__RAW DATA__.
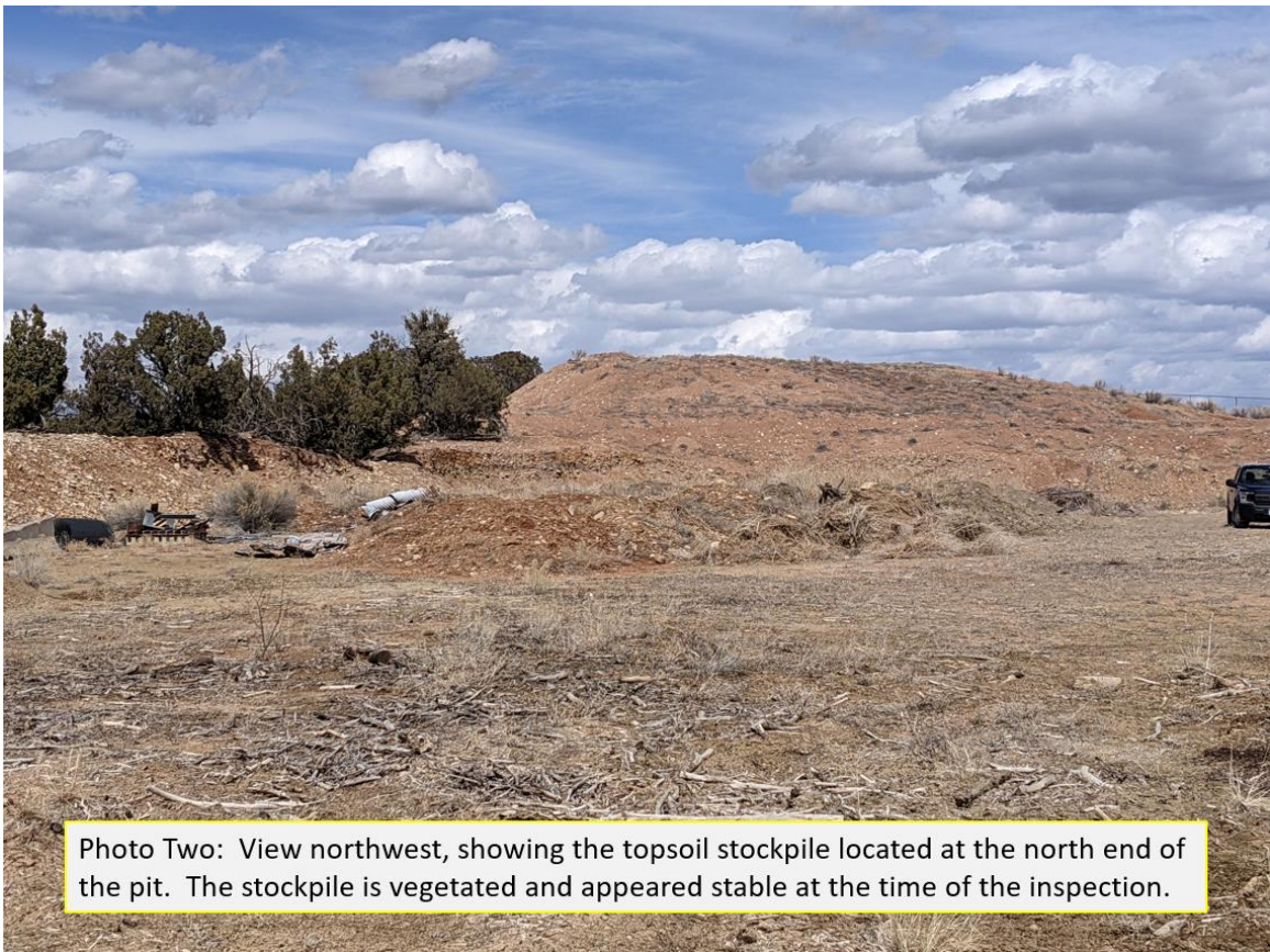
Photo Two: View northwest, showing the topsoil stockpile located at the north end of the pit. The stockpile is vegetated and appeared stable at the time of the inspection.
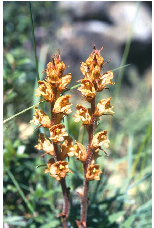
Fig. 2. Orobanchaceae var. deludens , Grazalema, Cádiz (COA 33916) showing yellowish-brown internal corollas.
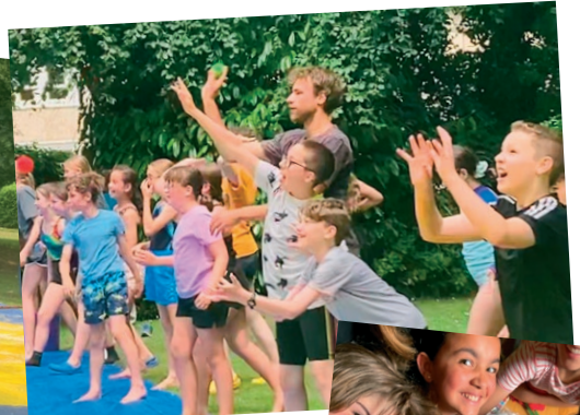
Our last 678 residential at Felden!

__TASK TO CARRY OUT__.
State how many lines in the listing above contain the string "showing". Include no other words.

__COMPLETED TASK__.
2